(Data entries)
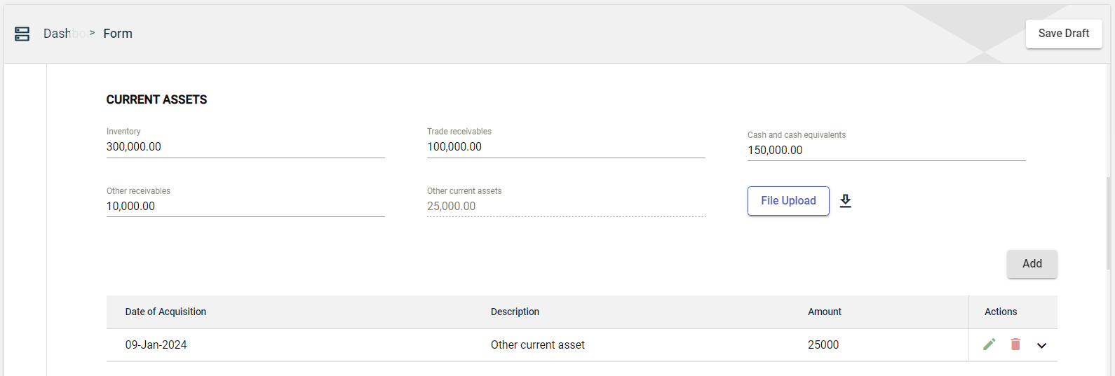 If you have other current assets that were not specified in the form, you can add them by following these steps:
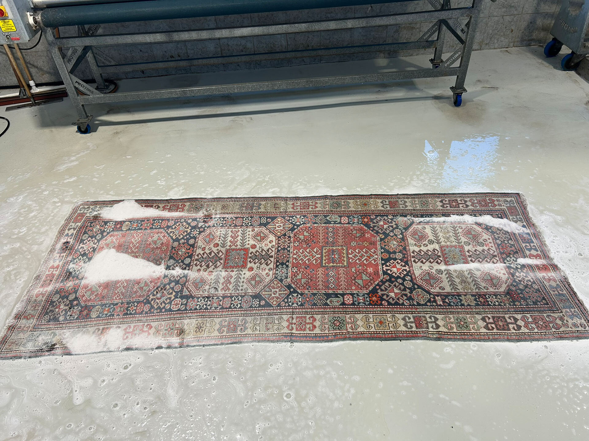 Nachdem der Teppich in unserer Entstaubungsanlage von den groben Verschmutzungen befreit worden ist, beginnt der Waschvorgang.
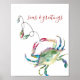Add a splash of seaside cheer to your holidays with this watercolor art poster custom print featuring a festive blue crab decked out in Christmas lights.
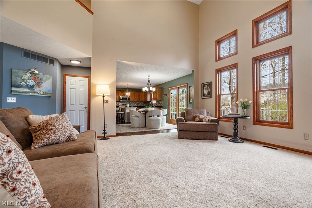 Welcome home to this beautifully designed 3-bedroom, 3.5-bath home offering the perfect blend of space, style, and thoughtful details throughout. The stunning kitchen is truly the heart of the home, featuring granite countertops, a large island with seating, stainless steel appliances, a double oven, purified water spout, and a spacious pantry. It opens seamlessly to the dinette and living room, where soaring ceilings and a dramatic wall of windows fill the space with natural light, creating an airy and inviting atmosphere. The main level also includes a gorgeous formal dining room, a convenient half bath, and a generously sized laundry room with additional storage. Upstairs, you'll find three bedrooms, a full bath, and a versatile sitting area with extra storage, perfect as a cozy reading nook! The primary suite is a true retreat, offering an expansive layout, a walk-in closet, and a beautifully appointed ensuite bath. Enjoy a spa-like experience with a walk-in tile shower featuring dual shower heads, a dedicated vanity area, a private water closet, and a linen closet for added convenience. The finished lower level adds even more living space with a large recreation room, a full bathroom, and two substantial unfinished spaces providing additional storage. The furnace, air conditioning, and hot water tank have all been upgraded since 2019, adding peace of mind. Get ready to entertain this summer on the spacious deck and spend evenings unwinding in the hot tub! A storage shed adds even more functionality to the outdoor space. With its open layout, upscale finishes, and versatile living areas, this home has it all! Don't miss out on this rare opportunity to move right in to this beautiful home!
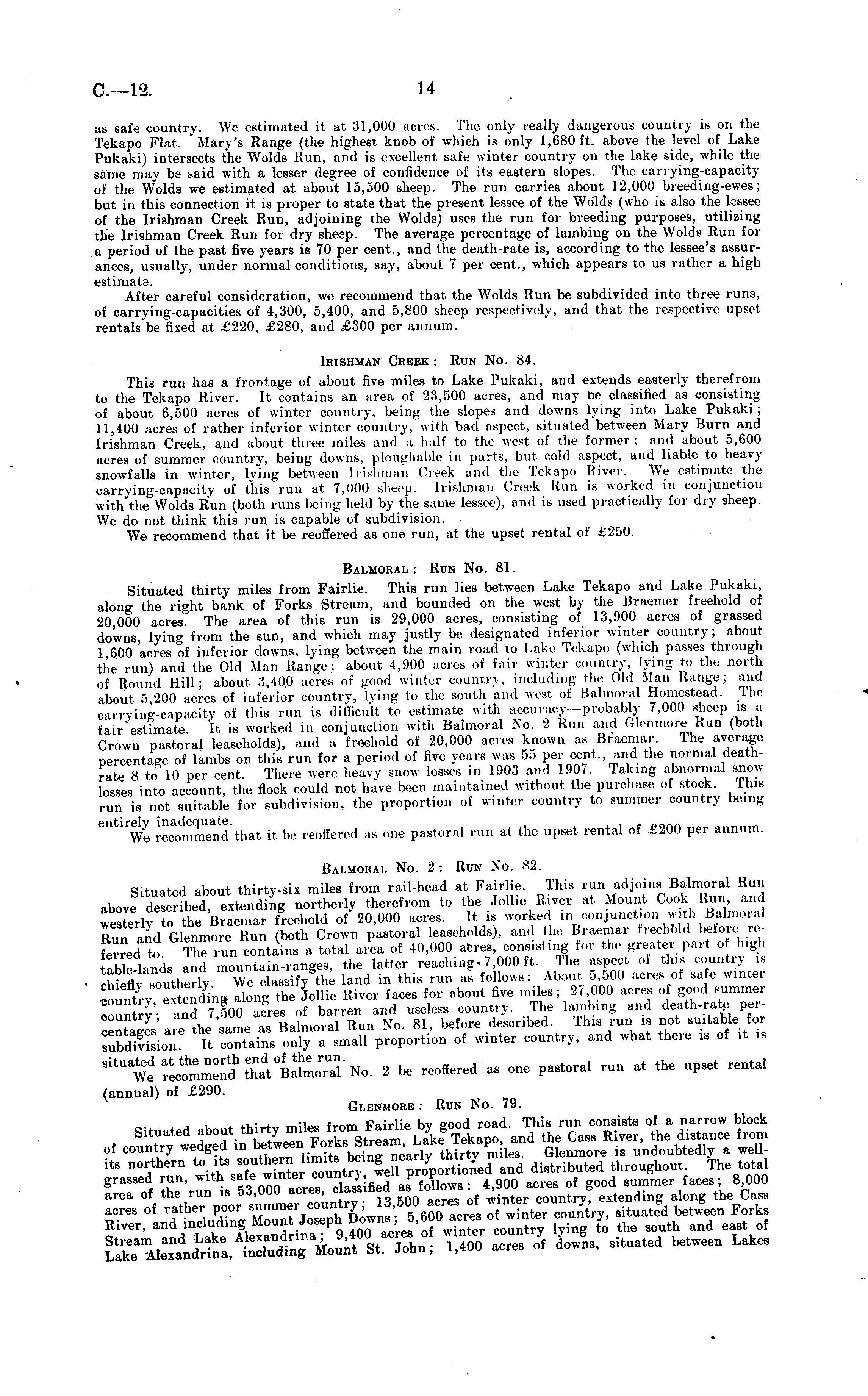 as safe country. We estimated it at 31,000 acres. The only really dangerous country is on the Tekapo Flat. "Mary's Range (the highest knob of which is only 1,680 ft. above the level of Lake Pukaki) intersects the Wolds Run, and is excellent safe winter country on the lake side, while the same may be said with a lesser degree of confidence of its eastern slopes. The carrying-capacity of the Wolds we estimated at about 15,500 sheep. The run carries about 12,000 breeding-ewes; but in this connection it is proper to state that the present lessee of the Wolds (who is also the lessee of the Irishman Creek Run, adjoining the Wolds) uses the run for breeding purposes, utilizing the Irishman Creek Run for dry sheep. The average percentage of lambing on the Wolds Run for a period of the past five years is 70 per cent., and the death-rate is, according to the lessee's assurances, usually, under normal conditions, say, about 7 per cent., which appears to us rather a high estimate. After careful consideration, we recommend that the Wolds Run be subdivided into three runs, of carrying-capacities of 4,300, 5,400, and 5,800 sheep respectively, and that the respective upset rentals be fixed at £220, £280, and £300 per annum. Irishman Creek : Run No. 84. This run has a frontage of about five miles to Lake Pukaki, and extends easterly therefrom to the Tekapo River. It contains an area of 23,500 acres, and may be classified as consisting of about 6,500 acres of winter country, being the slopes and downs lying into Lake Pukaki; 11,400 acres of rather inferior winter country, with bad aspect, situated between Mary Burn and Irishman Creek, and about three miles and "a half to the west of the former; and about 5,600 acres of summer country, being downs, ploughable in parts, but cold aspect, and liable to heavy snowfalls in winter, lying between Irishman Creek and the Tekapo River. We estimate the carrying-capacity of this run at 7,000 sheep. Irishman Creek Run is worked in conjunction with the Wolds Run (both runs being held by the same lessee), and is used practically for dry sheep. We do not think this run is capable of subdivision. We recommend that it be reoffered as one run, at the upset rental of £250. Balmoral: Run No. 81. Situated thirty miles from Fairlie. This run lies between Lake Tekapo and Lake Pukaki, along the right bank of Forks Stream, and bounded on the west by the Braemer freehold of 20 000 acres. The area of this run is 29,000 acres, consisting of 13,900 acres of grassed downs lying from the sun, and which may justly be designated inferior winter country; about 1 600 acres of inferior downs, lying between the main road to Lake Tekapo (which passes through the run) and the Old Man Range; about 4,900 acres of fair winter country, lying to the north of Round Hill: about 3,400 acres of good winter country, including the Old Man Range; and about 5 200 acres of inferior country, tying to the south and west of Balmoral Homestead. The carrying-capacity of this run is difficult to estimate with accuracy—probably 7,000 sheep is a fair estimate It is worked in conjunction with Balmoral No. 2 Run and Glenmore Run (both Crown pastoral leaseholds), and a freehold of 20,000 acres known as Braemar. lhe average percentage of lambs on this run for a period of five years was 55 per cent, and the normal deathrate Bto 10 per cent. There were heavy snow losses in 1903 and 190,. raking abnormal snow losses into account, the flock could not have been maintained without the purchase of stock. This run is not suitable for subdivision, the proportion of winter country to summer country being '"''we recmnmend'that it be reoffered as one pastoral run at the upset rental of £200 per annum. Balmoral No. 2: Run No. 82. Situated about thirty-six miles from rail-head at Fairlie. This run adjoins Balmoral Run above described, extending northerly therefrom to the Jollie River at Mount Cook Run and westerly to the Braemar freehold of 20,000 acres. It is worked ,n conjunction with Balmoral Run and Glenmore Run (both Crown pastoral leaseholds), and the Braemar freehold before, referred to The run contains a total area of 40,000 acres, consisting lor the greater part o high Ithte lands and mountain-ranges, the latter reaching* 7,000 ft. The aspect of this country is Sflv southeriv We classify the land in this run as follows: About 5,50.) acres of safe winter Bhiefl -ionttthe Jollie River faces for about five miles; 27,000 acres of good summer £un?v'- « 7 00 ate" of Lren and useless country. Tta lambing am, death-rat, pjrcentases' a 4 the same as Balmoral Run No. 81, before described. This run is not suitable for subdivision It contains only a small proportion of winter country, and what there is of it is BitU We d fecommetd\TaVßlo r r U al-No. 2 be reoffered as one pastoral run at the upset rental (annual) of £290. Glenmore : Run No. 79. o-. * a „v™„t tWtv miles from Fairlie by good road. This run consists of a narrow block Situated about thirty J ™™ Lake Tekapo, and the Cass River, the distance from of country wedged in thirty m les. Glenmore is undoubtedly a wellits northern to its sout^nj^jte ; ing th J and distributed througho ut. The total grassed run, follows : 4,900 acres of good summer faces; 8 000 area of the run is 53,000 acres, cuwrniea as , country, extending along the Cass acres of rather poor summer country 13,000 acreof £ . £ Forks River, and including Moun Jo,epi to' the south and east of S^ld'rfnltrdtrMoufsrroL 0 ; MOO acres o y f downs, situated between Lakes

• _Try it_
Repeat the records above exactly, without any pictures.

• _Expected answer_
 If you have other current assets that were not specified in the form, you can add them by following these steps:
 Nachdem der Teppich in unserer Entstaubungsanlage von den groben Verschmutzungen befreit worden ist, beginnt der Waschvorgang.
Add a splash of seaside cheer to your holidays with this watercolor art poster custom print featuring a festive blue crab decked out in Christmas lights.
 Welcome home to this beautifully designed 3-bedroom, 3.5-bath home offering the perfect blend of space, style, and thoughtful details throughout. The stunning kitchen is truly the heart of the home, featuring granite countertops, a large island with seating, stainless steel appliances, a double oven, purified water spout, and a spacious pantry. It opens seamlessly to the dinette and living room, where soaring ceilings and a dramatic wall of windows fill the space with natural light, creating an airy and inviting atmosphere. The main level also includes a gorgeous formal dining room, a convenient half bath, and a generously sized laundry room with additional storage. Upstairs, you'll find three bedrooms, a full bath, and a versatile sitting area with extra storage, perfect as a cozy reading nook! The primary suite is a true retreat, offering an expansive layout, a walk-in closet, and a beautifully appointed ensuite bath. Enjoy a spa-like experience with a walk-in tile shower featuring dual shower heads, a dedicated vanity area, a private water closet, and a linen closet for added convenience. The finished lower level adds even more living space with a large recreation room, a full bathroom, and two substantial unfinished spaces providing additional storage. The furnace, air conditioning, and hot water tank have all been upgraded since 2019, adding peace of mind. Get ready to entertain this summer on the spacious deck and spend evenings unwinding in the hot tub! A storage shed adds even more functionality to the outdoor space. With its open layout, upscale finishes, and versatile living areas, this home has it all! Don't miss out on this rare opportunity to move right in to this beautiful home!
 as safe country. We estimated it at 31,000 acres. The only really dangerous country is on the Tekapo Flat. "Mary's Range (the highest knob of which is only 1,680 ft. above the level of Lake Pukaki) intersects the Wolds Run, and is excellent safe winter country on the lake side, while the same may be said with a lesser degree of confidence of its eastern slopes. The carrying-capacity of the Wolds we estimated at about 15,500 sheep. The run carries about 12,000 breeding-ewes; but in this connection it is proper to state that the present lessee of the Wolds (who is also the lessee of the Irishman Creek Run, adjoining the Wolds) uses the run for breeding purposes, utilizing the Irishman Creek Run for dry sheep. The average percentage of lambing on the Wolds Run for a period of the past five years is 70 per cent., and the death-rate is, according to the lessee's assurances, usually, under normal conditions, say, about 7 per cent., which appears to us rather a high estimate. After careful consideration, we recommend that the Wolds Run be subdivided into three runs, of carrying-capacities of 4,300, 5,400, and 5,800 sheep respectively, and that the respective upset rentals be fixed at £220, £280, and £300 per annum. Irishman Creek : Run No. 84. This run has a frontage of about five miles to Lake Pukaki, and extends easterly therefrom to the Tekapo River. It contains an area of 23,500 acres, and may be classified as consisting of about 6,500 acres of winter country, being the slopes and downs lying into Lake Pukaki; 11,400 acres of rather inferior winter country, with bad aspect, situated between Mary Burn and Irishman Creek, and about three miles and "a half to the west of the former; and about 5,600 acres of summer country, being downs, ploughable in parts, but cold aspect, and liable to heavy snowfalls in winter, lying between Irishman Creek and the Tekapo River. We estimate the carrying-capacity of this run at 7,000 sheep. Irishman Creek Run is worked in conjunction with the Wolds Run (both runs being held by the same lessee), and is used practically for dry sheep. We do not think this run is capable of subdivision. We recommend that it be reoffered as one run, at the upset rental of £250. Balmoral: Run No. 81. Situated thirty miles from Fairlie. This run lies between Lake Tekapo and Lake Pukaki, along the right bank of Forks Stream, and bounded on the west by the Braemer freehold of 20 000 acres. The area of this run is 29,000 acres, consisting of 13,900 acres of grassed downs lying from the sun, and which may justly be designated inferior winter country; about 1 600 acres of inferior downs, lying between the main road to Lake Tekapo (which passes through the run) and the Old Man Range; about 4,900 acres of fair winter country, lying to the north of Round Hill: about 3,400 acres of good winter country, including the Old Man Range; and about 5 200 acres of inferior country, tying to the south and west of Balmoral Homestead. The carrying-capacity of this run is difficult to estimate with accuracy—probably 7,000 sheep is a fair estimate It is worked in conjunction with Balmoral No. 2 Run and Glenmore Run (both Crown pastoral leaseholds), and a freehold of 20,000 acres known as Braemar. lhe average percentage of lambs on this run for a period of five years was 55 per cent, and the normal deathrate Bto 10 per cent. There were heavy snow losses in 1903 and 190,. raking abnormal snow losses into account, the flock could not have been maintained without the purchase of stock. This run is not suitable for subdivision, the proportion of winter country to summer country being '"''we recmnmend'that it be reoffered as one pastoral run at the upset rental of £200 per annum. Balmoral No. 2: Run No. 82. Situated about thirty-six miles from rail-head at Fairlie. This run adjoins Balmoral Run above described, extending northerly therefrom to the Jollie River at Mount Cook Run and westerly to the Braemar freehold of 20,000 acres. It is worked ,n conjunction with Balmoral Run and Glenmore Run (both Crown pastoral leaseholds), and the Braemar freehold before, referred to The run contains a total area of 40,000 acres, consisting lor the greater part o high Ithte lands and mountain-ranges, the latter reaching* 7,000 ft. The aspect of this country is Sflv southeriv We classify the land in this run as follows: About 5,50.) acres of safe winter Bhiefl -ionttthe Jollie River faces for about five miles; 27,000 acres of good summer £un?v'- « 7 00 ate" of Lren and useless country. Tta lambing am, death-rat, pjrcentases' a 4 the same as Balmoral Run No. 81, before described. This run is not suitable for subdivision It contains only a small proportion of winter country, and what there is of it is BitU We d fecommetd\TaVßlo r r U al-No. 2 be reoffered as one pastoral run at the upset rental (annual) of £290. Glenmore : Run No. 79. o-. * a „v™„t tWtv miles from Fairlie by good road. This run consists of a narrow block Situated about thirty J ™™ Lake Tekapo, and the Cass River, the distance from of country wedged in thirty m les. Glenmore is undoubtedly a wellits northern to its sout^nj^jte ; ing th J and distributed througho ut. The total grassed run, follows : 4,900 acres of good summer faces; 8 000 area of the run is 53,000 acres, cuwrniea as , country, extending along the Cass acres of rather poor summer country 13,000 acreof £ . £ Forks River, and including Moun Jo,epi to' the south and east of S^ld'rfnltrdtrMoufsrroL 0 ; MOO acres o y f downs, situated between Lakes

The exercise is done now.